Re: [patch V4 11/14] PCI/MSI: Provide a sane mechanism for TPH
From: Bjorn Helgaas
Date: Tue Jun 17 2025 - 19:23:07 EST
On Wed, Mar 19, 2025 at 11:56:57AM +0100, Thomas Gleixner wrote:
> The PCI/TPH driver fiddles with the MSI-X control word of an active
> interrupt completely unserialized against concurrent operations issued
> from the interrupt core. It also brings the PCI/MSI-X internal cached
> control word out of sync.
>
> Provide a function, which has the required serialization and keeps the
> control word cache in sync.
>
> Unfortunately this requires to look up and lock the interrupt descriptor,
> which should be only done in the interrupt core code. But confining this
> particular oddity in the PCI/MSI core is the lesser of all evil.
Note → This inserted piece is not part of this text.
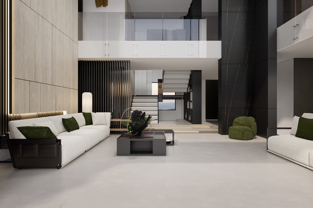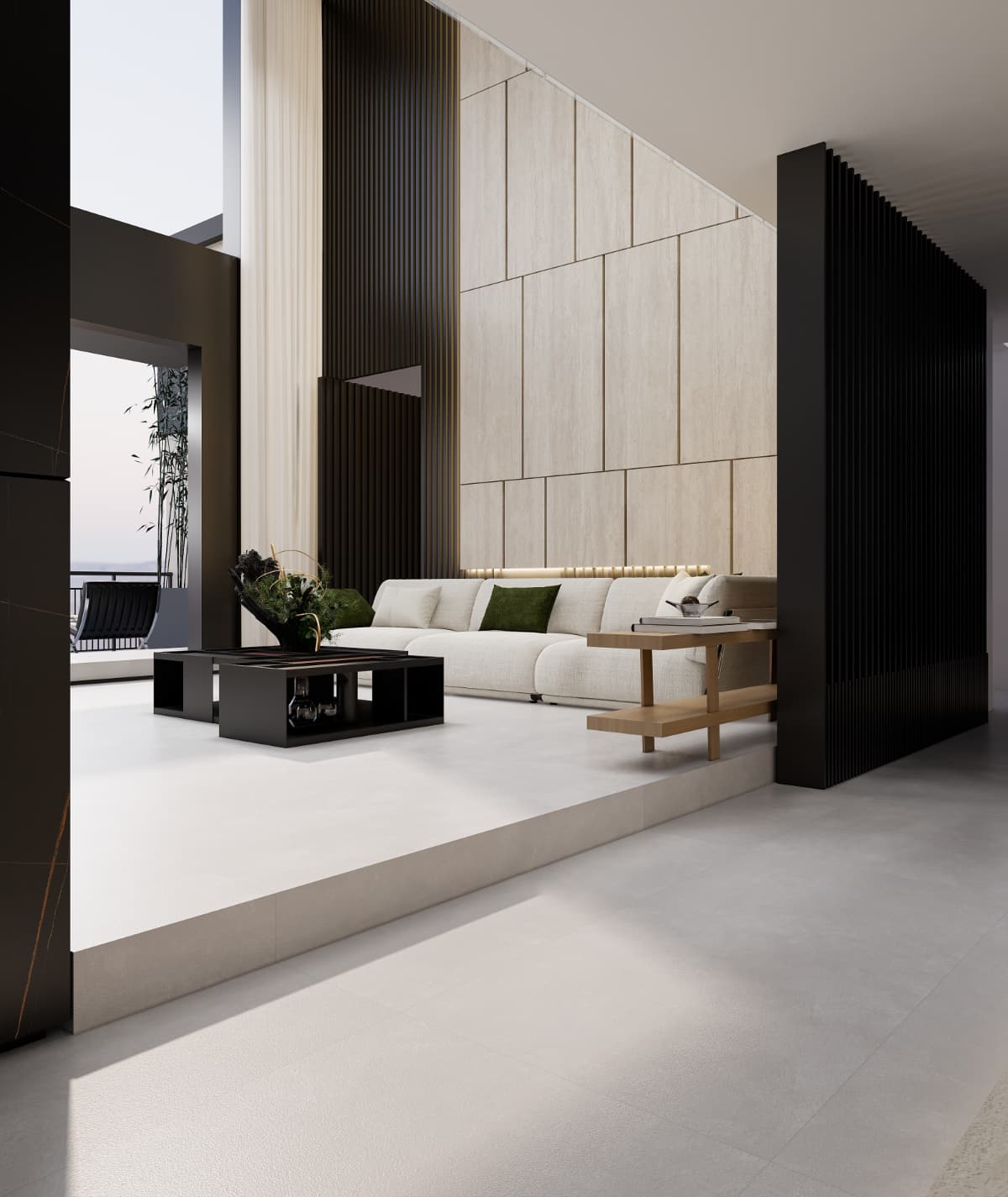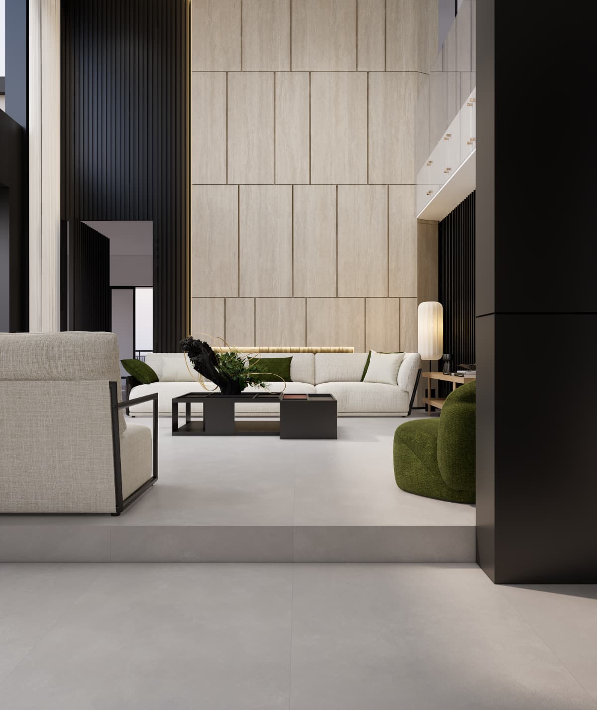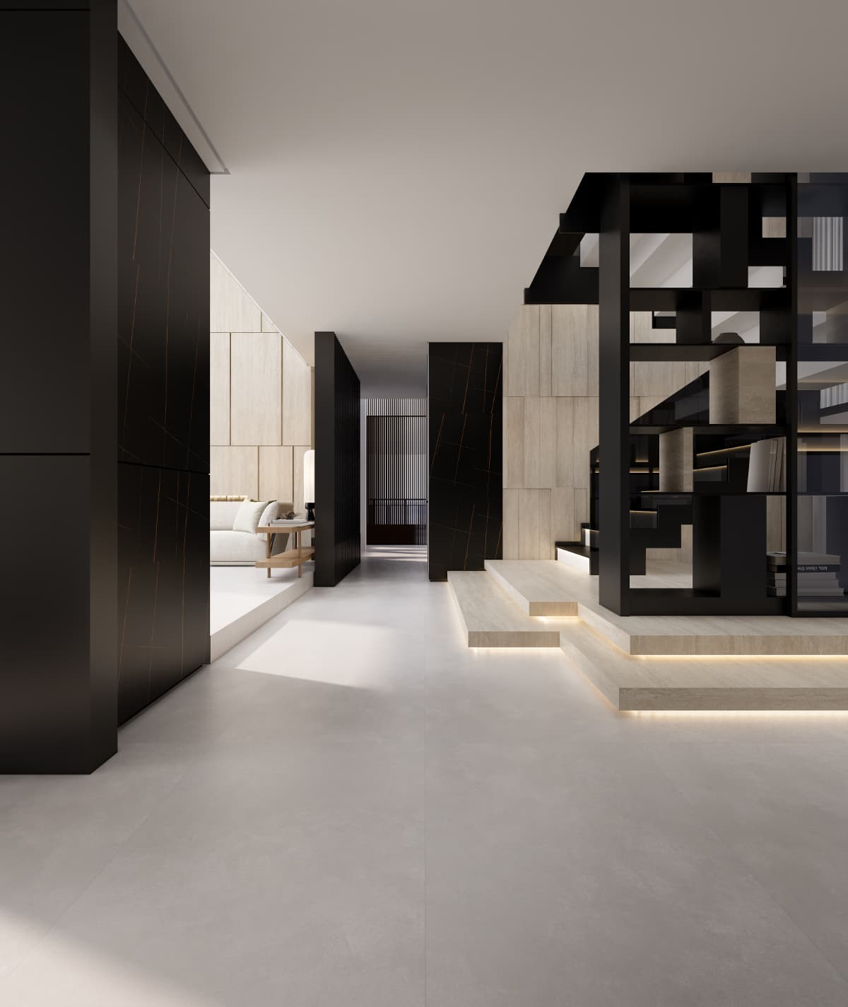 它以独特的浅灰色调为底色,恰似雨后天边弥漫的薄霭,带着一丝清冷与静谧,为空间营造出沉稳而不失优雅的氛围。表面的纹理细腻而富有变化,似苍穹中被微风吹拂的云层,轻柔且舒展 ,不着痕迹地为砖面增添了丰富的层次感。

A
> interrupt core implementation would require a larger pile of infrastructure
> and indirections for dubious value.
>
> Signed-off-by: Thomas Gleixner <tglx@xxxxxxxxxxxxx>
> Acked-by: Bjorn Helgaas <bhelgaas@xxxxxxxxxx>
> Cc: Wei Huang <wei.huang2@xxxxxxx>
> Cc: linux-pci@xxxxxxxxxxxxxxx
>
>
>
> ---
> drivers/pci/msi/msi.c | 47 +++++++++++++++++++++++++++++++++++++++++++++++
> drivers/pci/pci.h | 9 +++++++++
> 2 files changed, 56 insertions(+)
>
> --- a/drivers/pci/msi/msi.c
> +++ b/drivers/pci/msi/msi.c
> @@ -910,6 +910,53 @@ void pci_free_msi_irqs(struct pci_dev *d
> }
> }
>
> +#ifdef CONFIG_PCIE_TPH
> +/**
> + * pci_msix_write_tph_tag - Update the TPH tag for a given MSI-X vector
> + * @pdev: The PCIe device to update
> + * @index: The MSI-X index to update
> + * @tag: The tag to write
> + *
> + * Returns: 0 on success, error code on failure
> + */
> +int pci_msix_write_tph_tag(struct pci_dev *pdev, unsigned int index, u16 tag)
> +{
> + struct msi_desc *msi_desc;
> + struct irq_desc *irq_desc;
> + unsigned int virq;
> +
> + if (!pdev->msix_enabled)
> + return -ENXIO;
> +
> + guard(msi_descs_lock)(&pdev->dev);
> + virq = msi_get_virq(&pdev->dev, index);
> + if (!virq)
> + return -ENXIO;
> + /*
> + * This is a horrible hack, but short of implementing a PCI
> + * specific interrupt chip callback and a huge pile of
> + * infrastructure, this is the minor nuissance. It provides the
> + * protection against concurrent operations on this entry and keeps
> + * the control word cache in sync.
> + */
> + irq_desc = irq_to_desc(virq);
> + if (!irq_desc)
> + return -ENXIO;
> +
> + guard(raw_spinlock_irq)(&irq_desc->lock);
> + msi_desc = irq_data_get_msi_desc(&irq_desc->irq_data);
> + if (!msi_desc || msi_desc->pci.msi_attrib.is_virtual)
> + return -ENXIO;
> +
> + msi_desc->pci.msix_ctrl &= ~PCI_MSIX_ENTRY_CTRL_ST;
> + msi_desc->pci.msix_ctrl |= FIELD_PREP(PCI_MSIX_ENTRY_CTRL_ST, tag);
> + pci_msix_write_vector_ctrl(msi_desc, msi_desc->pci.msix_ctrl);
> + /* Flush the write */
> + readl(pci_msix_desc_addr(msi_desc));
> + return 0;
> +}
Looks like this change might add this warning, which I don't claim to
understand:
$ make C=2 drivers/pci/msi/msi.o
drivers/pci/msi/msi.c:928:5: warning: context imbalance in 'pci_msix_write_tph_tag' - wrong count at exit
This appeared in v6.16-rc1 as d5124a9957b2 ("PCI/MSI: Provide a sane
mechanism for TPH")